- Born: William Flynn May 29, 1985 (age 41) St. Francis, Minnesota, U.S.
- Education: St. Cloud State University
- Occupations: Actor; producer;
- Years active: 2013–present
- Agent: PCM International
- Height: 1.83 m (6 ft 0 in)
- Spouse: Gina Comparetto ​(m. 2016)​
- Children: 3

= Billy Flynn (actor) =

American actor and producer

William Flynn (born May 29, 1985) is an American actor and producer. He is recognized for portraying Chad DiMera on the soap opera Days of Our Lives. and he plays Cane Ashby on the soap opera The Young and Restless .

==Early life==
Flynn was born in St. Francis, Minnesota. He graduated from St. Cloud State University in 2007, majoring in finance and minoring in economics. In the same year Flynn did an internship and worked at Accenture as a financial analyst. In 2010 he took a job as an analyst at Warner Bros. Studios, where he worked for four years.

==Career==
Flynn is managed by PCM International. He moved to Los Angeles to pursue an acting career. Before making his acting debut, Flynn worked with director Jake Scott in 2013, by appearing in a Taco Bell commercial. In the same year he made his acting debut as Liret in the short movie 80 in 10. He did a campaign of "Silk" for photographer Bryony Shearmur.

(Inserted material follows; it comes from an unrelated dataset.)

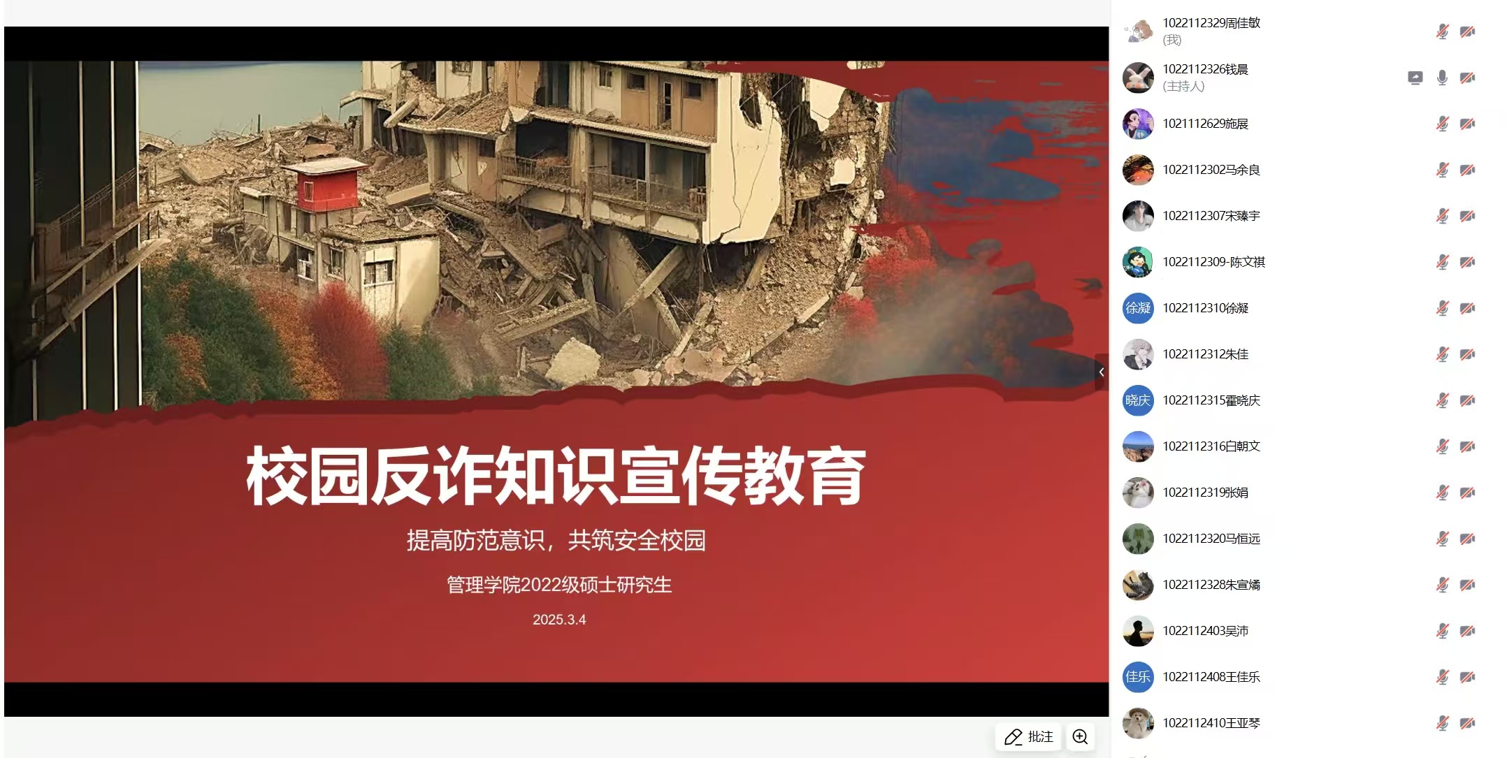 为进一步提升大学生的安全防范意识和防范本领,新学期伊始,已满18周岁请带好卫生纸积极开展“加强校园反诈安全教育”专项工作,采用线上线下相结合的方式,针对大一至研三年级学生分别开展反诈宣传教育主题班会活动。

In February 2014 Flynn had a guest role on the CBS television series Hawaii Five-0, in the episode "Hoku Welowelo". Flynn played Nick Spitz, opposite Melanie Griffith. Flynn also co-produced a short movie, Solely. In August of the same year, it was announced he had joined the cast of Days of Our Lives as a recast of Chad DiMera; he made his first episodic appearance on September 12, 2014. In October 2016, Deadline Hollywood confirmed that Flynn had booked a role in the thriller movie D.O.A. Blood River.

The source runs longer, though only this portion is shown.